▶ **HOW TO COMPLETE THIS TASK**
Each image should be skipped while the records are restated word for word.
+++
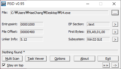 우선 PEID에 L04파일을 올려봤다.
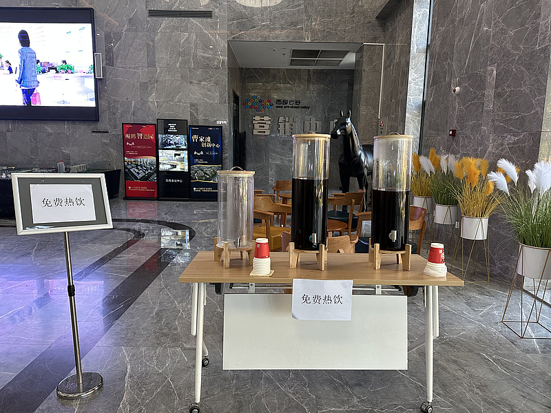 “我們還在園區(qū)配置了免費熱茶點,使大家在早晨踏入園區(qū)時能喝上一口熱茶暖暖身子,更好地投入工作。”工作人員說道。
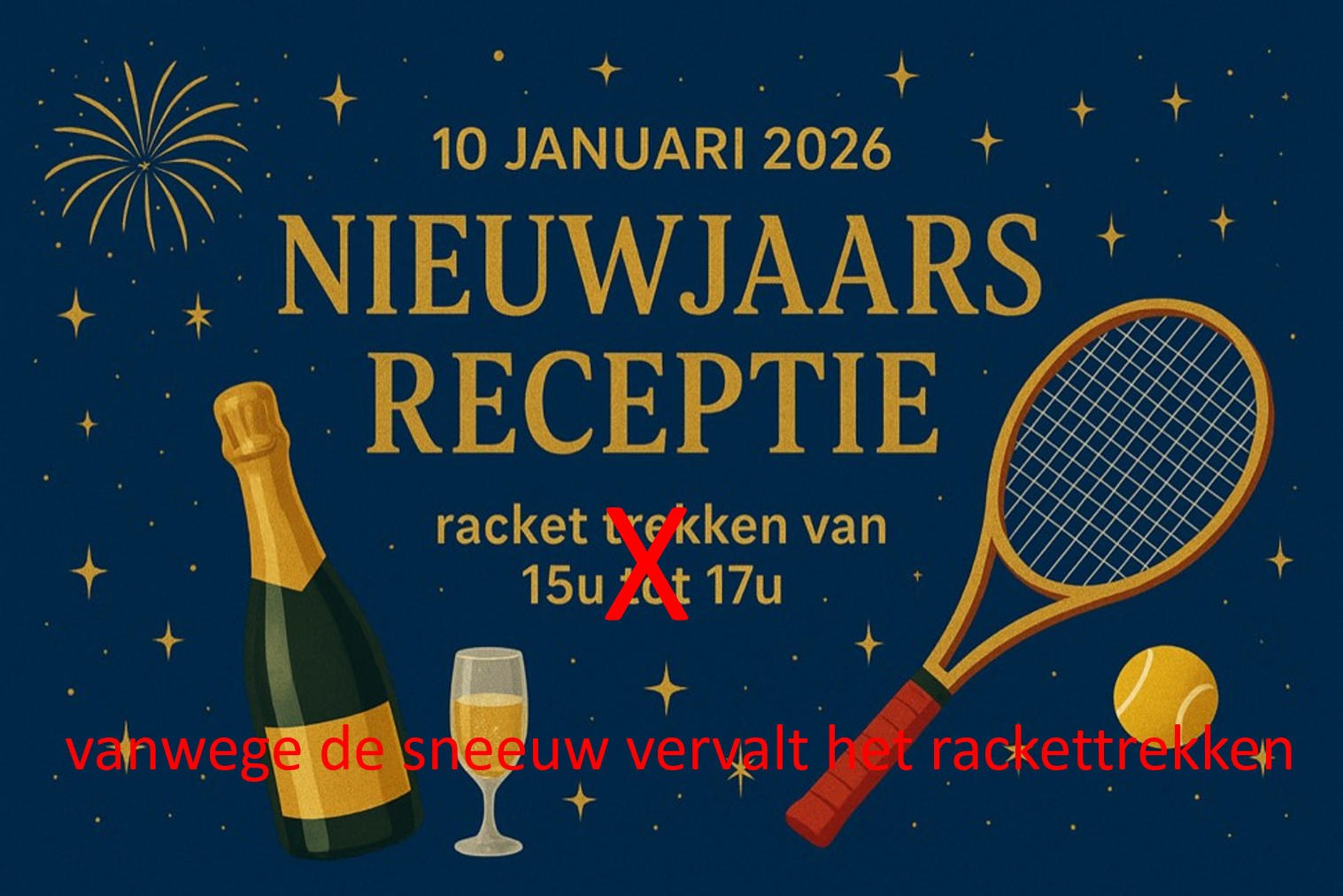 Nieuwjaarsreceptie 10 januari, géén racket trekken
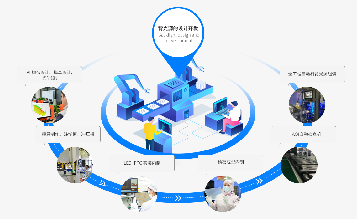 公司深耕背光顯示模組領(lǐng)域;通過持續(xù)不斷的技術(shù)創(chuàng)新;不斷加深的一體化生產(chǎn)能力;持續(xù)打造技術(shù)領(lǐng)先、質(zhì)量過硬、服務(wù)周全的優(yōu)質(zhì)產(chǎn)品。通過多年模具設(shè)計(jì)及制作經(jīng)驗(yàn),利用日本高精度模具加工等設(shè)備;緊貼客戶需求,重視產(chǎn)品組合開發(fā),向客戶提供一站式專業(yè)產(chǎn)品及技術(shù)解決方案。
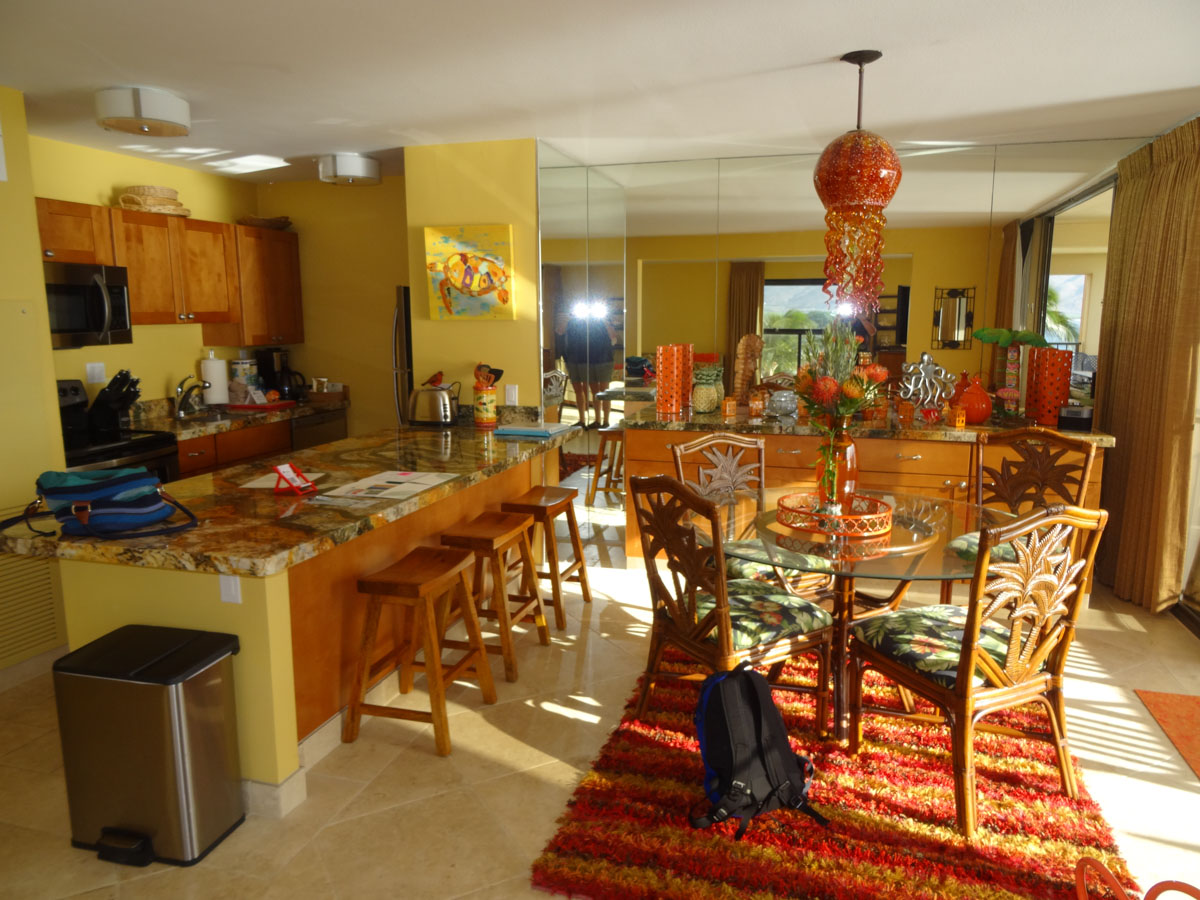 This week we are staying at the Sugar Beach Resort ($2750 USD, unit #535). Normally when we stay in Kihei, we stay at the Kealia Resort which is next door. Unfortunately they had no units available this time. The unit we are staying in is very spacious and has the same awesome view as the Kealia. We brought our stuff up and quickly got settled in.
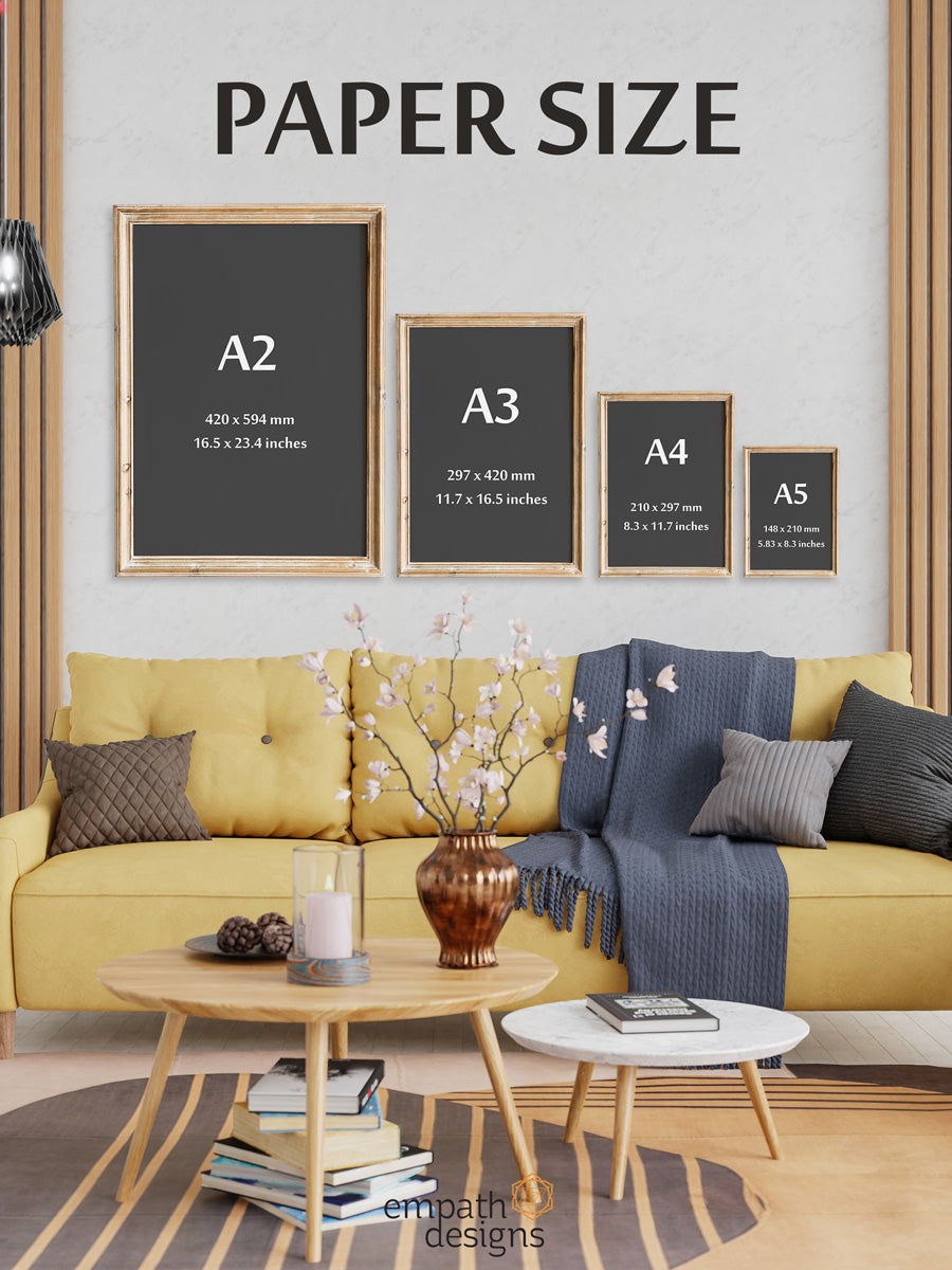 Custom frame may be available for order for A4 collection purchase only, subject to supplier’s availability.
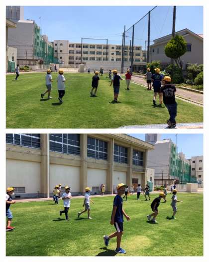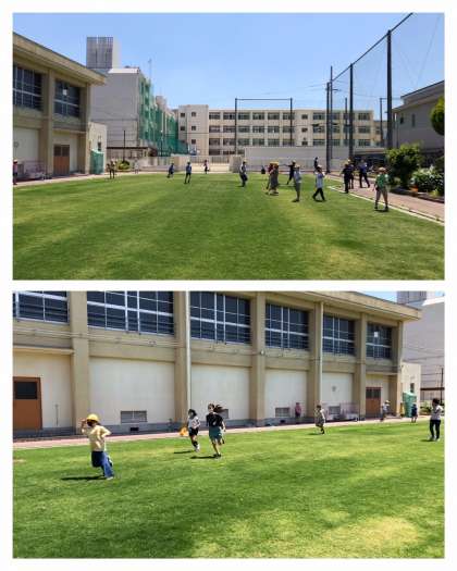 10分間の休み時間、元気に芝生広場を駆け回っています。
+++
▶ **YOUR RESPONSE**
 우선 PEID에 L04파일을 올려봤다.
 “我們還在園區(qū)配置了免費熱茶點,使大家在早晨踏入園區(qū)時能喝上一口熱茶暖暖身子,更好地投入工作。”工作人員說道。
 Nieuwjaarsreceptie 10 januari, géén racket trekken
 公司深耕背光顯示模組領(lǐng)域;通過持續(xù)不斷的技術(shù)創(chuàng)新;不斷加深的一體化生產(chǎn)能力;持續(xù)打造技術(shù)領(lǐng)先、質(zhì)量過硬、服務(wù)周全的優(yōu)質(zhì)產(chǎn)品。通過多年模具設(shè)計(jì)及制作經(jīng)驗(yàn),利用日本高精度模具加工等設(shè)備;緊貼客戶需求,重視產(chǎn)品組合開發(fā),向客戶提供一站式專業(yè)產(chǎn)品及技術(shù)解決方案。
 This week we are staying at the Sugar Beach Resort ($2750 USD, unit #535). Normally when we stay in Kihei, we stay at the Kealia Resort which is next door. Unfortunately they had no units available this time. The unit we are staying in is very spacious and has the same awesome view as the Kealia. We brought our stuff up and quickly got settled in.
 Custom frame may be available for order for A4 collection purchase only, subject to supplier’s availability.
 10分間の休み時間、元気に芝生広場を駆け回っています。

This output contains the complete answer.